Key Eclectic principles at this age
Create a safe space for unrestricted movement — babies learn more from free exploration than from containers or activity centers
Introduce real food as a sensory and cultural experience, not just a nutritional checkbox
Say 'yes' more than 'no' by baby-proofing thoroughly so you don't have to constantly redirect
Support emerging independence — let them struggle briefly with a toy before helping, let them try to feed themselves even when it's messy
Read the same books repeatedly when your baby requests it — repetition is how they build language patterns
A typical Eclectic day
Eclectic activities for Infant (6-9 Months)
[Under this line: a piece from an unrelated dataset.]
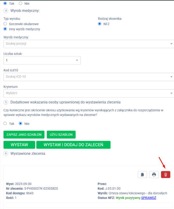– przypadku wybrania innego wyrobu: określ rodzaj wyrobu, podaj liczbę sztuk, wybierz odpowiedni kod ICD-10 z listy rozwijanej, następnie określ kryterium medyczne, również wybierając je z dostępnej listy.
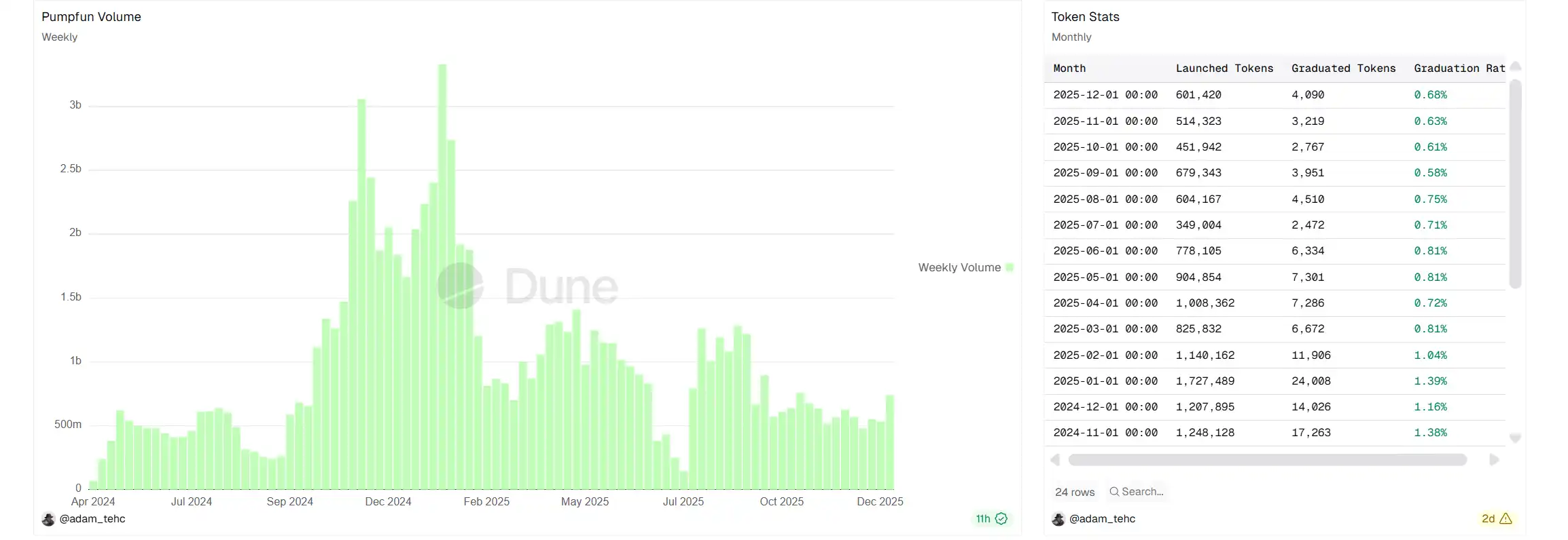 Since Pump.fun launched on Solana in 2024 and ignited the "Meme Summer," Meme tokens have become the hottest on-chain phenomenon. This platform significantly lowered the barrier to token creation. Although the graduation rate is less than 2%, it once contributed about 70% of new token issuances on Solana, pushing Solana's activity to its peak. In early 2025, BSC began to actively embrace the Meme热潮, with tokens related to TST, Broccoli, mubarak, etc., driving traffic on Four.meme to soar. By mid-2025, a capital rotation formed between Solana and BSC. BSC saw a爆火 in "Chinese Memes" in the fourth quarter, such as "Binance Life" and "Hakimi," driving cross-cultural FOMO; however, most projects plummeted to zero starting late October. In early 2026, Chinese Memes like "I'm F*cking Coming," "Life K-Line," "Laozi," and "Dark Horse" surged again but明显 lacked staying power and have since significantly retreated from their highs.

Object permanence games — hide a toy under a cloth and let baby 'find' it, building early cognitive concepts
Crawling obstacle courses — use couch cushions and pillows to create gentle terrain for climbing and crawling over
Self-feeding practice — offer soft finger foods on a low table or high chair tray and let baby explore texture and taste
Container play — provide baskets, boxes, and cups for putting things in and dumping them out repeatedly
Water play — supervised splashing in a shallow bin with cups and spoons during warm weather or bath time
Book basket — keep a low basket of board books accessible so baby can choose, hold, and 'read' independently
Parent guidance
Why Eclectic works at this age
- Baby's clear preferences make it easier to choose which approaches to pull from
- Physical milestones are happening fast, providing natural 'wins' that build your confidence as an educator
- The eclectic approach prevents you from forcing a baby who wants to climb into sitting still for flashcards
- You can borrow freely from baby-led weaning, Montessori practical life, RIE caregiving, and sensory play traditions
Limitations to consider
- Baby-proofing demands increase as mobility explodes — you'll spend more time on safety than on 'education'
- It's hard to do structured activities with a baby who wants to crawl away and explore on their own terms
- Sleep regressions and teething can derail any plans you've made
- The gap between what you'd like to offer and what your mobile baby will actually sit still for can be frustrating
Frequently asked questions
My baby won't sit still for reading or activities. Should I be worried?
Not at all. A baby who wants to move is doing exactly what they should be doing. Physical development is the primary work of this age. Offer books and activities when your baby is calm and receptive, but don't force it. Some babies prefer being read to while nursing or in the bath. Find the moments that work for yours.
Should I start any formal programs like baby sign language or infant music?
Only if they genuinely appeal to you and fit your schedule. Research supports music exposure and early gesture communication, but both can happen at home for free. Sing to your baby, dance together, wave bye-bye, point at things and name them. If a class would bring you joy and community, go for it — but your baby doesn't need it.
How do I balance baby-proofing with the Montessori idea of 'freedom within limits'?
Baby-proof thoroughly so the limits are built into the environment, not into constant verbal redirection. A Montessori-aligned space for this age means low shelves with safe items, cabinets secured except one 'yes cabinet' with safe kitchen items, and gates only where there's genuine danger. The goal is for your baby to hear 'yes, explore that' most of the time.